SALUTE. Emergenza caldo, Osservatorio Terza Età: “Il 50% ospedali e ospizi senza condizionatori”

Ospedali e ospizi senza condizionatori e in essi sono ricoverati circa 500.000 anziani. A lanciare l’allarme è l’Osservatorio della Terza età (Ote), che invita il ministro della Salute, Livia Turco, ad estendere il monitoraggio alle strutture dove c’é un’alta concentrazione di over 65.

"Sono 247.000 gli anziani ricoverati in ospedale e 234.000 quelli nelle case di cura", ha detto Elia Ricci, responsabile del dipartimento sanità dell’Ote. "Secondo recenti studi – ha aggiunto – nel 52% degli ospizi pubblici mancano impianti di condizionamento e solo nel 20% di questi c’é aria condizionata negli ambienti comuni, come sala tv o mensa. Nelle case di riposo private la percentuale di strutture senza alcun tipo di refrigerio scende al 45%, così come la presenza di impianti di condizionamento negli ambienti comuni (14,8%)". Da qui l’invito al ministro Turco ad avviare un monitoraggio su queste strutture, non solo in un’ottica di salute ma anche di risparmio.

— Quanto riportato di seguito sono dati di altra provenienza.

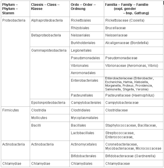 The currently valid system of bacteria in a phylogenetic frame is: Garrity, G. M.; J. A. Bell und T. G. Lilburn: "Taxonomic Outline of the Prokaryotes. Bergey's Manual of Systematic Bacteriology", Second Edition, Release 5.0, Springer-Verlag, New York, 2004 (Source/Quelle: Wikipedia)
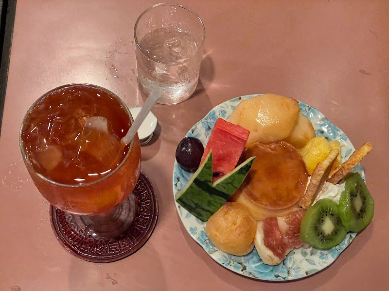 昔ながらの雰囲気を残す素敵なジャズ喫茶。小さな純喫茶と思いきや室内は奥行きがあり静謐な情景でした。ドリンク込のプリンセットを注文。1000円ほどしますが、プリンの周りの果物の豪華さを見て納得。マンゴーからスイカ、オリジナルのいちごジャムまで瑞々しい果物たちがてんこ盛りです。むしろ安すぎる位では…!?味も素晴らしかったです。こういった喫茶には珍しく完全禁煙なのも禁煙者としては嬉しいポイント。1点、店内の照明が暗め(雰囲気ある感じ)なので、書き物や読み物はあまりできないかもしれません。

Tra maggio e agosto dell’anno scorso infatti, riferisce l’Ote, si sono contate 5.900 morti, con un incremento della mortalità del 20-30%, pari a 1.200-1750 persone. Per questo, ha continuato Messina, "é necessario lavorare tutti insieme, noi, le associazioni e le istituzioni che si occupano della terza età, al fine di eliminare le cause di un disagio sociale crescente, che colpisce soprattutto anziani e poveri. L’Italia ha il numero più alto di malati in Europa, con circa 2 milioni di persone, per cui spende ogni anno 850 milioni di euro, cioé tre volte in più degli altri stati europei e quasi come gli Stati Uniti (1 miliardo), che però hanno una popolazione cinque volte la nostra".